Confirm after pulling:

ollama show MonomythDevelopment/hermes-4.3-36b-tools
# Capabilities: completion, tools, thinking

Quick start

ollama pull MonomythDevelopment/hermes-4.3-36b-tools
ollama run  MonomythDevelopment/hermes-4.3-36b-tools "What's 2+2?"

Thinking (per-request toggle)

Thinking is a reasoning mode (the model emits <think>…</think> before answering), mapped to Ollama’s native think field — orthogonal to tool calling, controlled independently. Default it off for agent loops (no <think> blocks to strip from tool-call output) and opt in where deliberation helps.

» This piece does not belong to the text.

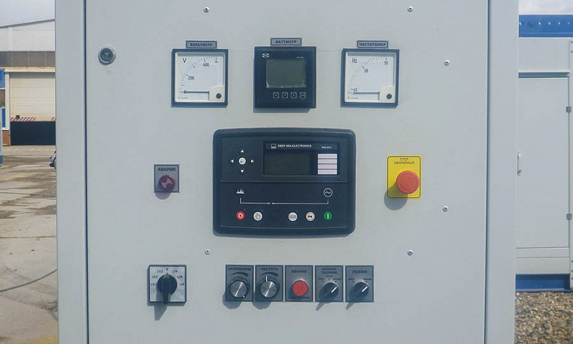 Электростанция работает в параллели с тремя станциями заказчика. Поэтому система управления агрегатом ПСМ выполнена на базе контроллера Deep Sea, необходимого для полной синхронизации с уже работающим энергокомплексом.

curl http://localhost:11434/api/chat -d '{
  "model": "MonomythDevelopment/hermes-4.3-36b-tools",
  "messages": [{"role": "user", "content": "Prove that sqrt(2) is irrational."}],
  "think": true,
  "stream": false
}'

Tool calling

Tools are declared as OpenAI-style JSON schemas; the model emits <tool_call>{"name": …, "arguments": {…}}</tool_call>; results return in <tool_response>…</tool_response>. Any OpenAI-compatible client that sends a tools array works — verify by confirming message.tool_calls is populated.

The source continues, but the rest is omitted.